A total of 2135 studies were identified through the database search. Based on their titles and abstracts, most were excluded due to duplication or irrelevance. The full text of 5 potentially relevant studies was reviewed, after which 2 were excluded because the information on outcomes was not relevant or the study objective was not consistent with that of the current investigation.[9,12] More specifically, the work by Wong et al did not clearly report whether the included patients were hospitalized,[9] while the investigation by Perera et al only reported the predicted risk of mortality, not the actual mortality.[12] Of the 3 studies that were finally included in the meta-analysis, 2 were cohort studies[13,14] and 1 was a case-control study.[15] The study review and selection process is illustrated in the Preferred Reporting Items for Systematic Reviews and Meta-Analyses flow diagram at Figure 1. Full details of the literature search are provided in supplemental digital content (see Table S1, Supplemental Digital Content 1, which illustrates the full details of search algorithms). The quality of each of the 3 studies was assessed and deemed to be good (Fig. 2) (see Table S2, Supplemental Digital Content 2 and Table S3, Supplemental Digital Content 3, which illustrate the risk of bias assessment of cohort and case-control studies included in the meta-analysis, respectively).

Figure 1.

Figure 1

PRISMA flow diagram of the search strategy and study selection.

Figure 2.

Figure 2

Summary of the quality of the included studies, using the Newcastle–Ottawa Scale.

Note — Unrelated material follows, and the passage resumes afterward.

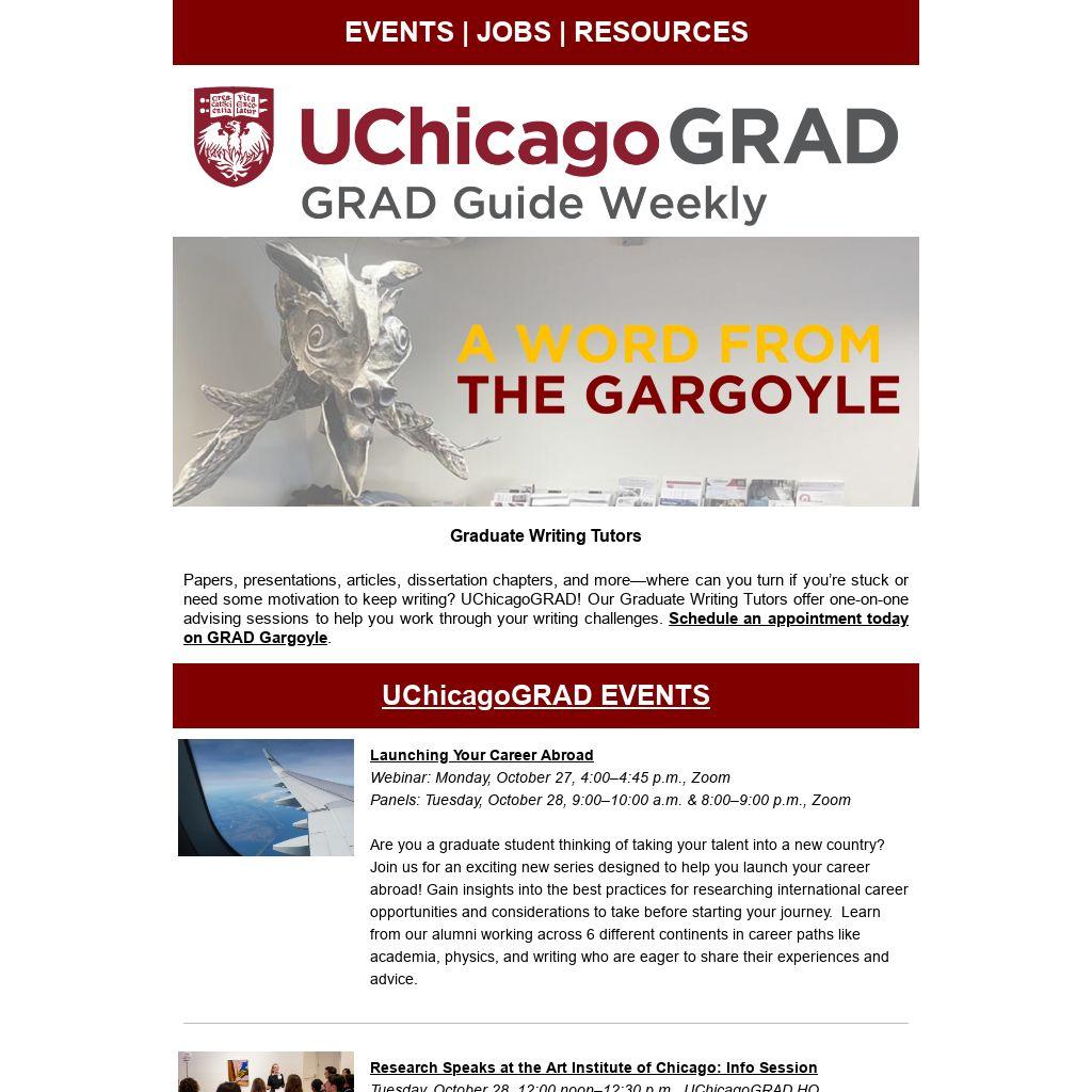 Papers, presentations, articles, dissertation chapters, and more—where can you turn if you’re stuck or need some motivation to keep writing? UChicagoGRAD! Our Graduate Writing Tutors offer one-on-one advising sessions to help you work through your writing challenges. Schedule an appointment today on GRAD Gargoyle.
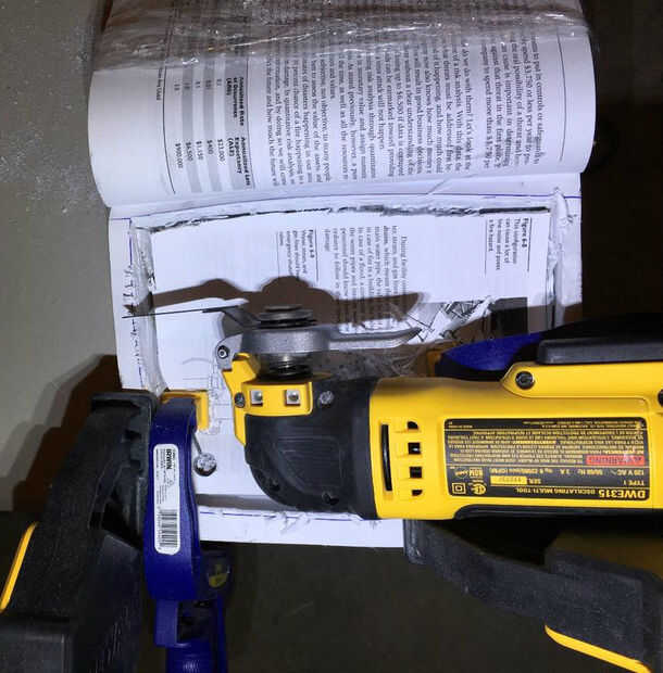 El libro de la abrazadera hacia abajo y utilizar un multiherramienta oscilante o una sierra de intercambio para cortar el cuarto borde más cercano a la encuadernación.

3.1. Study characteristics

The 3 included studies were conducted in Europe (in Greece, Turkey, and Italy). The research by Keskin et al[15] enrolled patients hospitalized with myocardial infarction. Valbusa et al[14] investigated the outcomes of hospitalized, acute heart failure (HF) patients, and the work by Tziomalos et al[13] was undertaken on patients with acute ischemic stroke. The important characteristics and outcomes of interests from the included studies were aggregated, as summarized in Table 1. In all, 1,039 patients were included in the meta-analysis; of those, 36.19% were ultrasound-proven cases of NAFLD. The mean age of the patient cohort was 73 years, and about half were men (51.01%). The proportions of those with hypertension, atrial fibrillation, dyslipidemia, chronic renal failure, diabetes mellitus, and left ventricular ejection fraction were 62.23%, 47.62%, 46.11%, 35.47%, 32.85%, and 23.43%, respectively. About 1-quarter of the patients presented with a current smoking status, and a family history of CVD was found in 16.01% of the patients. The average body mass index of the included patients was 27.00 ± 4.81 kg/m2. The average hospital stay was 9.24 days.

Table 1.

Characteristics of the included observational studies assessing the risk of mortality in hospitalized cardiovascular disease patients associated with NAFLD.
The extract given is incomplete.